Satisfaction: X3SAT instance without satisfactory cycles?

Exactly 1 in 3 SAT (X3SAT) is a variation of the Boolean satisfaction problem. Given an instance of clauses, where each clause has three literals, is there a set of literals such that each clause contains exactly one literal of the set? X3SAT is NP-hard even if we assume that all literals are positive (monotone) and there are no two clauses that have more than one literal in common (linear).

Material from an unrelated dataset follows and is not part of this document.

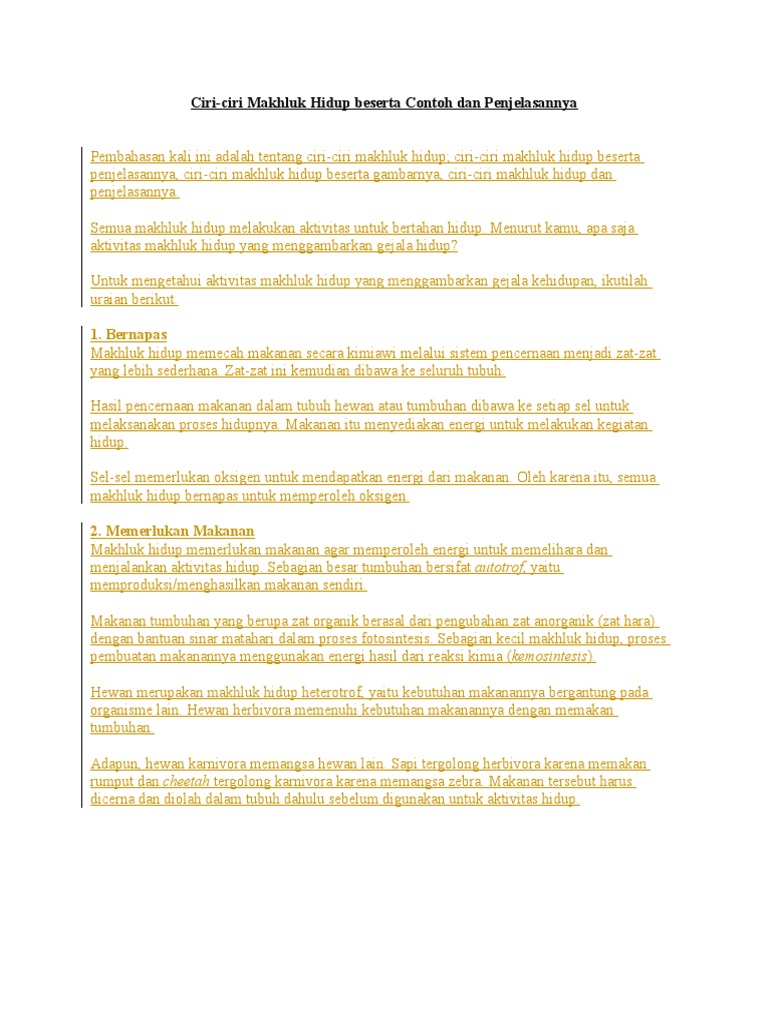 ciri-ciri makhluk hidup (the characteristics of living things …
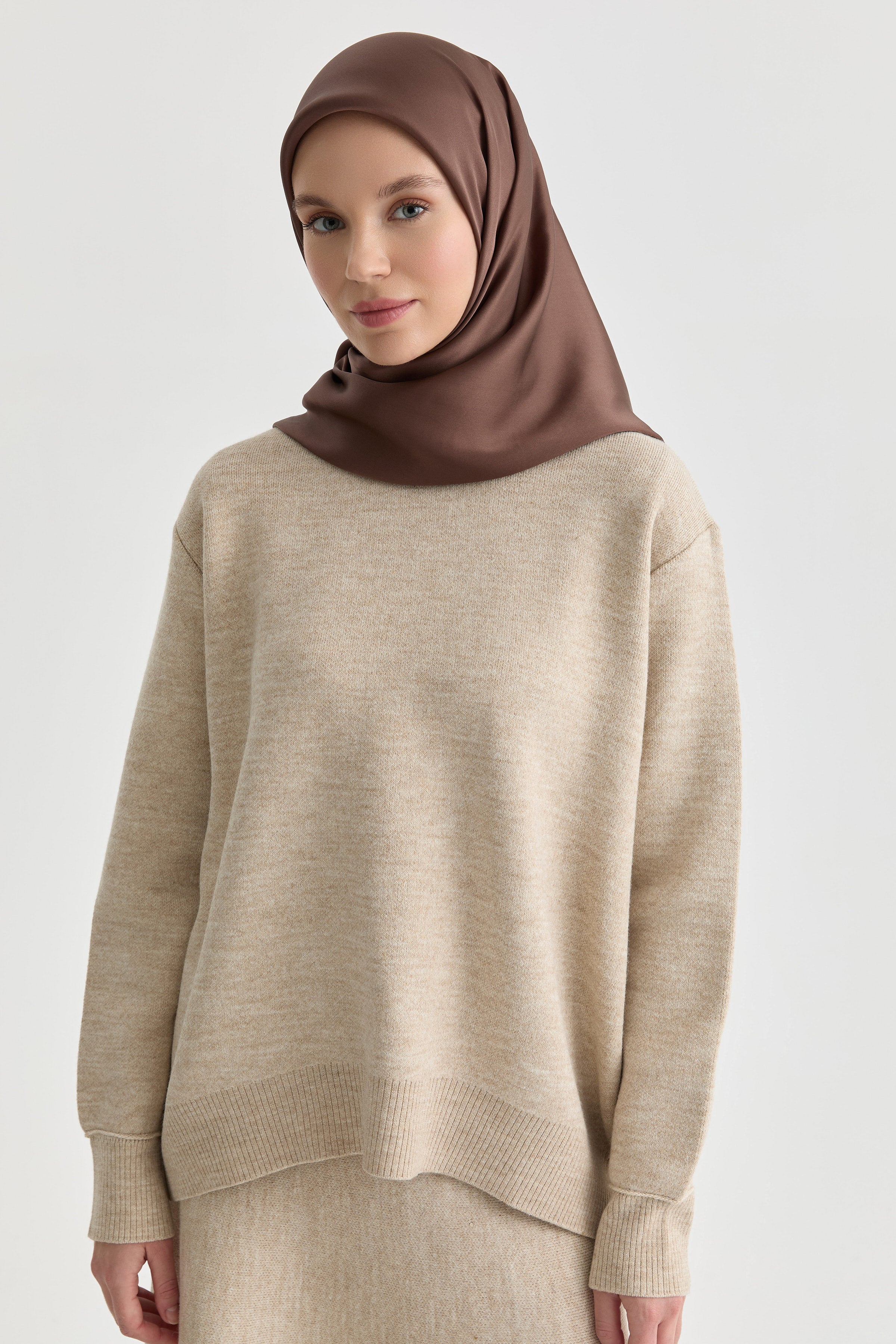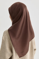 Düz Renk İpek Eşarp - Kahve

A cycle is a set of clauses so that each clause has a free literal and two backbone literals. A literal is free if it appears in a single clause in the cycle. A literal trunk network appears exactly in two cycle clauses. The smallest linear and monotonous cycle has three clauses. A cycle with $$k$$ clauses has $$2k$$ different literals, $$k$$ free literals, and $$k$$ literals of the spine. A $$k-cycle$$ have $$Roof (Fibonacci (k + 3) / 2)$$ satisfactory tasks. The smallest unsatisfiable linear and monotonous 3SAT instance has six $$3 cycles$$, but only five clauses.

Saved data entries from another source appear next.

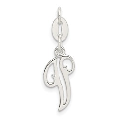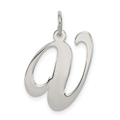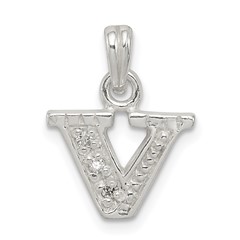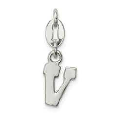 Sterling Silver Rhodium-plated Small Fancy Script Initial V Charm
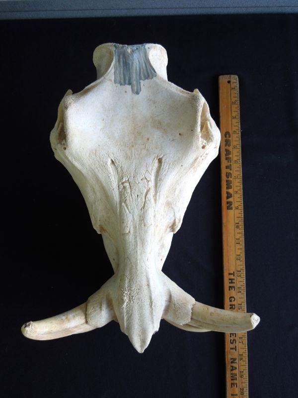 Here piggy piggy! The jaw is wired and opens slightly. some kind of metallic silver paint on cranial point. Makes for an interesting conversation. 16" long. No artificial parts.
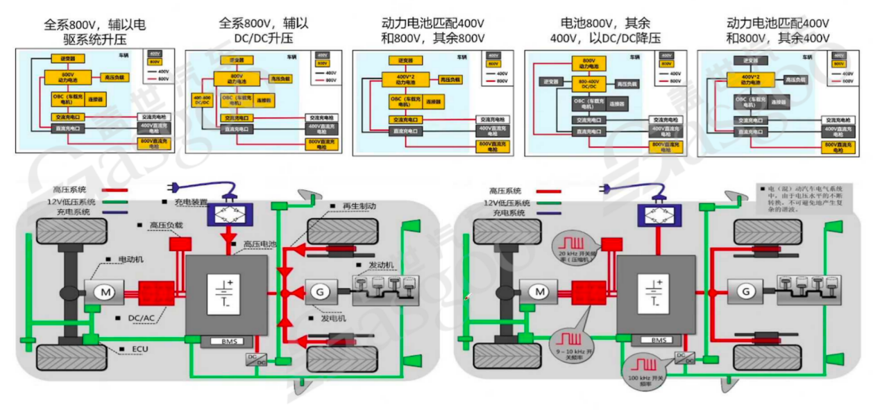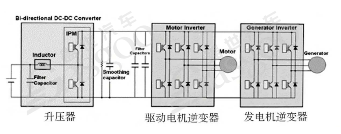 在800V高压系统中,Boost调压升压器布置在逆变器和动力电池之间,其主要功能是实现对电机系统工作电压的动态调节。升压器既可以将动力电池电压升高,满足电机在不同工况下对高电压的需求,又能够将逆变器端电压降低后给动力电池充电。

The smallest unsatisfiable instance:

(a, x1, y1) (a, x2, y2) (a, x3, y3) (x1, x2, x3) (y1, y2, y3)

3 cycles:

(x1, x2, x3) (a, x1, y1) (a, x2, y2)

(x1, x2, x3) (a, x1, y1) (a, x3, y3)

(x1, x2, x3) (a, x2, y2) (a, x3, y3)

(y1, y2, y3) (a, x1, y1) (a, x2, y2)

(y1, y2, y3) (a, x1, y1) (a, x3, y3)

(y1, y2, y3) (a, x2, y2) (a, x3, y3)

X3SAT can become a problem of independent set of maximum weight. Let each literal be assigned a vertex. Two vertices have an edge if the two literals appear together in a clause. The weight of each vertex is the number of clauses in which the literal appears (half of the degree of the vertex). The X3SAT instance can only be solved if there is an independent set with a weight equal to the number of clauses. If the instance is successful, then the graph can be made bipartite by removing exactly one edge of each clause.

Is a linear and monotone instance of X3SAT without cycles always satisfactory?